Restoration ecologists use successional principles to guide the recovery of degraded sites, selecting species appropriate to the current successional stage rather than immediately planting late-successional species that cannot survive without the soil conditions and microclimate created by earlier stages. Understanding how succession interacts with invasive species is also critical, as disturbed sites in early succession are often most vulnerable to invasion by aggressive non-native plants. Managing the successional process, sometimes by accelerating it through planting and sometimes by arresting it through disturbance, is a fundamental tool in ecosystem management.

Climate change adds another layer of complexity to succession. As temperature and precipitation patterns shift, the species that historically dominated late-successional communities may no longer be well-suited to local conditions. Forests recovering from disturbance may develop into novel communities unlike anything in the historical record, with species assemblages determined by which organisms can tolerate the new climate rather than by traditional successional trajectories. Managing for resilience rather than for specific community compositions is becoming a central theme in contemporary ecology.

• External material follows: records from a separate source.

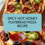This Delicious Hot Honey Flatbread Pizza combines the sweetness of honey with the spicy kick of hot sauce and chili flakes, layered over garlic-infused flatbreads with tomato sauce, mozzarella cheese, pepperoni, olives, and jalapeños. It delivers a perfect balance of sweet, spicy, and savory flavors baked to golden perfection with a crispy flatbread base.
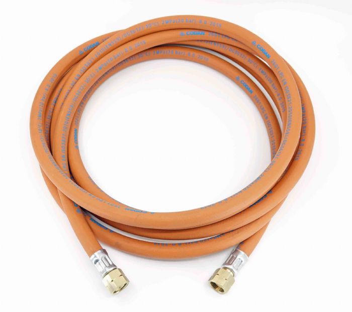 5m slang med 3/8"v (vänstergänga) anslutningar i båda ändar. Passar ofta ogräsbrännare, gasolkanoner mm.
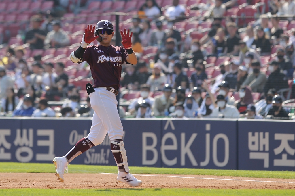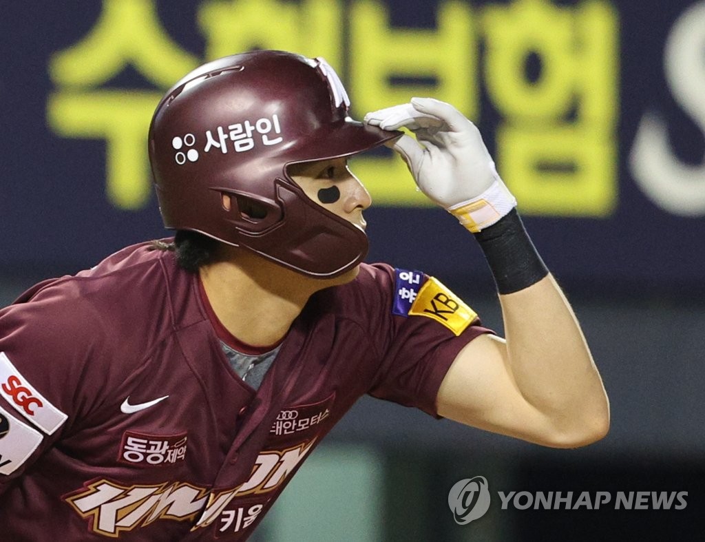 | ▲  Lee Jung-hoo of the Kiwoom Heroes heads to first base after hitting a single against the Doosan Bears during the top of the seventh inning of a Korea Baseball Organization regular season game at Jamsil Baseball Stadium in Seoul on April 15, 2022. (Yonhap) |

Long-term ecological research sites around the world provide invaluable data on successional processes by tracking the same plots over decades. The Hubbard Brook Experimental Forest in New Hampshire, monitored continuously since 1963, has documented forest recovery after logging and revealed how nutrient cycling changes as forests mature. Similarly, permanent plots in tropical forests have shown that successional trajectories can be highly variable depending on the species that colonize first and the distance to intact forest seed sources. These long-term datasets demonstrate that succession is both more complex and more fascinating than simplified textbook diagrams suggest.